We've really done that to our own detriment in many ways. And actually we're born to stand out. So it's time that we take that layer of masking off and just get to the core of who we are, because we're already performing a really super high level and masking everything else. So can you imagine what our capability really is if we could just be authentically ourselves or appropriate authentic ourselves, because we don't always bring all of ourselves to any one situation.
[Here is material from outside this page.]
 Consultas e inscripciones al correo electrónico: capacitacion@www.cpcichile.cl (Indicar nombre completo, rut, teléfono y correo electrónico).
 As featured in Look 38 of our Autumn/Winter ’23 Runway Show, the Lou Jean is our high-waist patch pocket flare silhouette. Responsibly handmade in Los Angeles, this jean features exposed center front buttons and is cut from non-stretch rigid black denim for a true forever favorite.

Bring that authenticity to the work without having to hours of thinking about, putting makeup on, doing our hair, what clothes are we going to wear? I was reading an article yesterday saying that on average, you know, women spend 20 minutes a day getting ready for work just on what they're wearing and their makeup and somewhere between 20 minutes and an hour a day on their hair. And then we look at the man that's available to go and play a game of golf or play squash every lunchtime. Well, we're spending so much time doing all these other activities that our private time, our personal time, is getting quashed. Anyway, I just digress. My apologies.

I love the digression. It's one of my personal interests as well. When we think about that socialisation, the norms around what women quote unquote should look like in the professional world.
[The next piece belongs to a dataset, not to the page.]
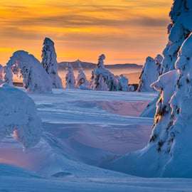 A trilha leva você através de árvores cobertas de neve e de vez em quando você tem um vislumbre das Montanhas Gigantes no leste, nas vizinhas Alemanha e Polônia no norte e em um dia claro, até Praga no sul!
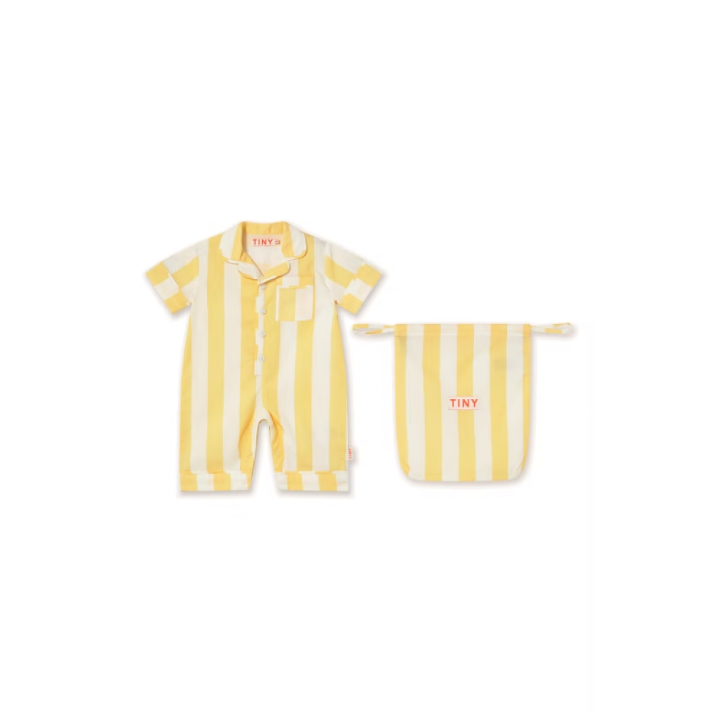 This yellow stripes printed one-piece is made from 100% cotton and features a relaxed, comfortable silhouette. It comes with short sleeves, a small front chest pocket, a front button closure, and snap buttons at the bottom for easy dressing. It also includes a matching bag, perfect for storing the garment.

Then also the decision making that that takes. What am I going to wear? When you think about your Steve Jobs and his black turtleneck and jeans, like he was saving his precious brain power for creating the iPod.

When you think about challenges within the workplace for women in their forties and fifties, what I see so often in my one-on-one clients is it's the time where they're really stepping into career in a way that they haven't before. They're getting promotions, they're in leadership positions, they're building businesses, they are performing at higher levels to ever before. And then they're going through this transition within their body or they're facing these changes and it's making them feel questioning or confused.

What are the main challenges that you see within the workplace for women?

I think that when we think about the traditional office-based roles, I see a lot of what you just talked about in terms of people are at the peak of their career. What I've found in the work I've been doing over the last 10 years, working with employers to help them create menopause savvy, menopause supportive cultures, is that women at all levels of the business, whether they're entry -level jobs, mid-level, junior to mid-level management or senior roles, are facing the same challenges and they become more complex depending on what the role is.

You've got someone in an office-based environment versus someone who's on the frontline, a healthcare worker or a factory worker. You you've got a lot more flexibility usually as an office worker where you may not have the same kind of clock in clock out. You may have some more flexibility over the hours you're working or you might be able to work from home. There's a little bit more flexibility than if you're an ambulance driver or you're a paramedic or you're a doctor or you're working in an aerospace factory.

So there are different parameters and so the common things tend to be the temperature fluctuation, that inability to control your temperature. So it's too hot, too cold. It's layers of clothing on, layers of clothing off. And again, you've got to think about uniforms. You've got to think about the environment. Someone's access to cold water, natural light, air conditioning or boosting the temperature depending on you could be working in a refrigerated environment. People also have chills, they go through menopause, not everyone has hot flushes, some people have the opposite end of the spectrum.

So we need to think about that. We need to think about that ability to really focus and concentrate and do the detailed work when you're under pressure, because when our cortisol levels and adrenaline levels are spiking and that anxiety is creeping in, then it becomes more challenging to get your work done right first time on time.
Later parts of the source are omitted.